78% of Germany's Energy Supplied by Renewables
Ideal weather means high energy production
Germany's changes to its energy portfolio have been huge, and July 25, 2015 marked a milestone and a sign of future possibilities.
The country is aiming to remove all nuclear power plants by the year 2022, a move spurred by the Japanese Fukushima nuclear disaster in 2011. It also wants to cut greenhouse gases by 80% before 2050, while doubling the percentage of renewable energy in the country's portfolio by 2035.
For several of these goals, Germany is well on its way. On Saturday, July 25, 78% of the country's energy production came from renewable energy.
German energy expert Craig Morris cites ideal weather conditions for this kind of achievement: stormy skies and lots of wind up north where much of Germany's wind turbines are located, and sunny skies down south where the country's solar farms can be found. This came in addition to biomass and hydro-power which boosted clean energy production to record highs.

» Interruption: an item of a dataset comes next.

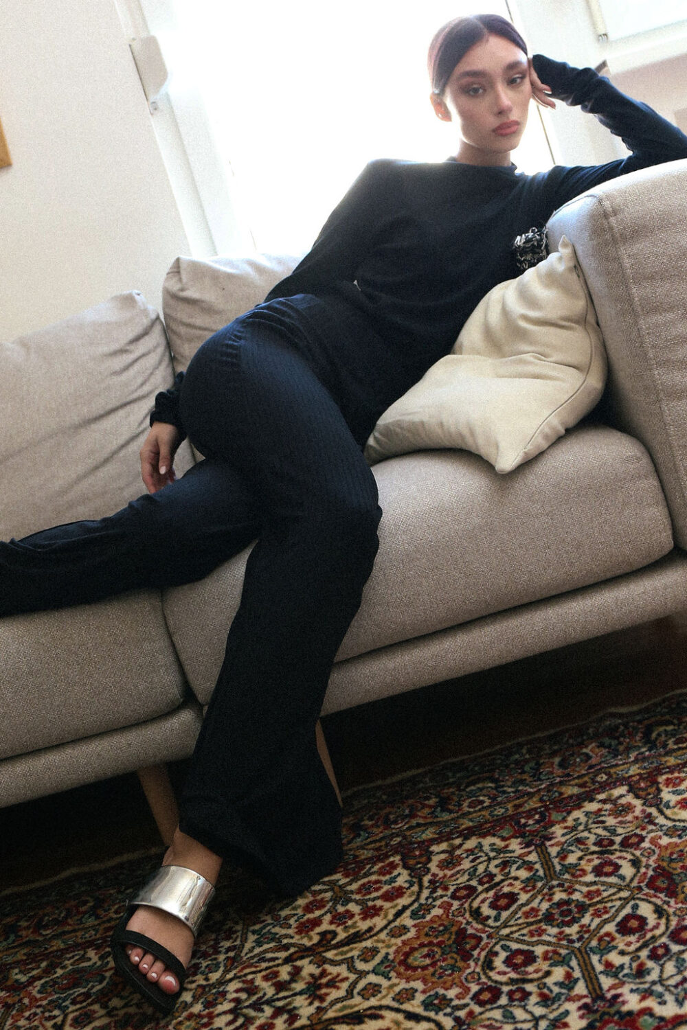 Devojka na fotografiji je visoka 173cm i nosi veličinu 36/38 – za pomoć u odabiru veličina pogledajte dimenzije proizvoda.

Some have voiced concerns that, in Germany's attempt to kill off nuclear energy sources, they will have to fall back on high-emission fossil fuels like coal. Indeed, the country still gets an average of 44% of their energy from coal power.
However, Germany's push to boost renewable sources has cut emissions in recent years. In 2014, greenhouse gases dropped 4.3% year-over-year, and are currently at their lowest levels since 1990.
The U.S. has some catching up to do on this front. Currently, only 13% of American energy comes from renewable sources, compared to Germany's average of 28%.
Two American companies, IBM and the National Renewable Energy Laboratory (NREL) are working together to develop a solar and wind forecasting system that is at least 30% more accurate to help improve the efficiency of such technologies.
IBM Research Manager Hendrick Hamann states, “As we continue to refine our system in collaboration with the DOE [Department of Energy], we hope to double the accuracy of the system in the next year.”
Germany's seems to be a good model to follow going forward.